My mechanic said the same thing, he recommended to change the fluid every 40k. He added that replacement of the tranny is $5400 for a rebuilt one. He said that there is a special filling procedure, is anyone else aware of what this procedure is?


----------



## collin40 (Dec 20, 2004)

I changed mine at 70,000 miles and have been having problems with the transmission ever since. What is the procedure for changing the oil?


----------



## Bearcat (Oct 15, 2003)

collin40 said:


> I changed mine at 70,000 miles and have been having problems with the transmission ever since. What is the procedure for changing the oil?


I was told, if you have not changed the A/T fluid after 50K, you're better off not to touch it at all.


----------



## roadie (Jun 1, 2004)

Bearcat said:


> I was told, if you have not changed the A/T fluid after 50K, you're better off not to touch it at all.


 :rofl: :rofl: :rofl: :rofl:

I can't believe some of the old wives tales out there.

Automatic transmissions need to have their fluids changed - just like anything mechanical out there. As the transmission works, and generates heat, you are going to get sludge build up around the valve body. That can lead to harsher / less responsive gear changes and eventually screw up the tranny.

When mfrs say "lifetime" the assumption is that majority of the folks out there are leasing and don't keep their cars around past 50K miles anyway. Up to 100K miles is what mfrs consider "lifetime". The auto transmissions on our bmw's and mb's last longer than most domestics because the tranny has a much larger oil capacity and the oil is of VERY specific quality and characteristics.

If you want to keep your car longer than that, you should be changing your auto transmission fluid every 5 years or 80,000 miles - whichever comes first. But you must do it with the right tools, the right fluid measurement tools, the right filter kits, and most importantly the right lubricant. It is NOT a recommended DIY in my opinion unless you have all the tools and right parts at your disposal.

So NO, you don't have to change it every 40K or 50k miles like you would a Toyota or a Chevy, but YES, if you are keeping the car, you should be changing it before 100K miles.


----------



## MatWiz (Jul 14, 2004)

roadie said:


> :rofl: :rofl: :rofl: :rofl:
> I can't believe some of the old wives tales out there.
> /......./
> So NO, you don't have to change it every 40K or 50k miles like you would a Toyota or a Chevy, but YES, if you are keeping the car, you should be changing it before 100K miles.





> I changed mine at 70,000 miles and have been having problems with the transmission ever since. What is the procedure for changing the oil?


So where would you go to do it? Would you trust the technicians at your local BMW dealership?

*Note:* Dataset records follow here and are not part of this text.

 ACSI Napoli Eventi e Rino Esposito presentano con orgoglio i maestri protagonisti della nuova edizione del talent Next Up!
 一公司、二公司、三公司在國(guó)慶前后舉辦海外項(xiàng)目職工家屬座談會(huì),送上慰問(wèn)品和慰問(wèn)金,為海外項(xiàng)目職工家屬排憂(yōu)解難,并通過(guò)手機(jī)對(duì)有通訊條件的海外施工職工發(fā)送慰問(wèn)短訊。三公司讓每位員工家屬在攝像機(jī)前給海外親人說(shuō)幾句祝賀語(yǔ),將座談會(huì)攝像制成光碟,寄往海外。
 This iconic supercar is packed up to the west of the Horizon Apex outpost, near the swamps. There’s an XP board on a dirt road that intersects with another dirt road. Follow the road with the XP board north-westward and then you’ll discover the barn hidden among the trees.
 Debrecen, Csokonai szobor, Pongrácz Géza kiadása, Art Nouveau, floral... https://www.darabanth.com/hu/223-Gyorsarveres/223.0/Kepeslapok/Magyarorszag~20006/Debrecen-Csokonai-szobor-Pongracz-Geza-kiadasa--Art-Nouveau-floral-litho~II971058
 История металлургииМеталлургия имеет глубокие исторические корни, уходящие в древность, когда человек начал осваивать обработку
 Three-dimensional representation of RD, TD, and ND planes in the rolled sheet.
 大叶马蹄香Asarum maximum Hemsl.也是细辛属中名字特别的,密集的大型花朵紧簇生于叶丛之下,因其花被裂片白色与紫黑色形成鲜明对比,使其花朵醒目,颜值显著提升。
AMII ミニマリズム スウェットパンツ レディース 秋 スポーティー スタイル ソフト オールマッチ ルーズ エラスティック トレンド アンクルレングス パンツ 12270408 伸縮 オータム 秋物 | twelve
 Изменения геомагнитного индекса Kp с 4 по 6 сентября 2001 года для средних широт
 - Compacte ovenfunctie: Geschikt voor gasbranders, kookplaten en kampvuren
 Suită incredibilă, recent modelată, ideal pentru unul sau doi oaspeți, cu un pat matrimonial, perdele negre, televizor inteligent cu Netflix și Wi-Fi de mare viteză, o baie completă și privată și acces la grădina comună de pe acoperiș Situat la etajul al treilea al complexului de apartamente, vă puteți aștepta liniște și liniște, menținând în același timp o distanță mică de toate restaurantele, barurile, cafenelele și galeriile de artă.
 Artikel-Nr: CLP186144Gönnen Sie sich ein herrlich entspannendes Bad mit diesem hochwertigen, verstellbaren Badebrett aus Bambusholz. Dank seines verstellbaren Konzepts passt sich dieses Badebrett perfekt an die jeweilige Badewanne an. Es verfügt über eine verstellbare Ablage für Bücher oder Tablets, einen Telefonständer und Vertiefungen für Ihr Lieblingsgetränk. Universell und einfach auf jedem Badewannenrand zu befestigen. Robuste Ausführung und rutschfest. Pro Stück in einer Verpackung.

I feel very uncomfortable trusting the guys at the dealership. They didn't struck me as being very good so far...


----------



## roadie (Jun 1, 2004)

MatWiz said:


> So where would you go to do it? Would you trust the technicians at your local BMW dealership?
> 
> I feel very uncomfortable trusting the guys at the dealership. They didn't struck me as being very good so far...


You have to be more specific than that. Are you saying all BMW dealer techs are incompetent? So you're 'uncomfortable' with your techs, so should all the other owners on this forum not trust the dealer too?

So perhaps you've had bad experiences with your dealer techs?

If you really dislike your dealer techs, then think of it this way - if you're NOT a hardcore DIY guy, the dealer is the lesser of all evils and that's your best alternative unless you have an indy shop that you have verified has ALL the right tools and fluids


----------



## YeaYeaYea (Feb 11, 2004)

The repair advisor in Roundel magazine said that ATF should be changed every 30,000 miles. BMW automatics are notorious for breaking down before 100,000 miles, so preventive maintenance is worth the extra effort. I suppose driving patterns affect transmission life (gridlock vs. open freeway)

The transmission repair was the most significant failure in my last BMW. In my new one, I will do the ATF change at 30,000 miles and hopefully prolong transmission life.


----------



## roadie (Jun 1, 2004)

YeaYeaYea said:


> The repair advisor in Roundel magazine said that ATF should be changed every 30,000 miles. BMW automatics are notorious for breaking down before 100,000 miles, so preventive maintenance is worth the extra effort. I suppose driving patterns affect transmission life (gridlock vs. open freeway)
> 
> The transmission repair was the most significant failure in my last BMW. In my new one, I will do the ATF change at 30,000 miles and hopefully prolong transmission life.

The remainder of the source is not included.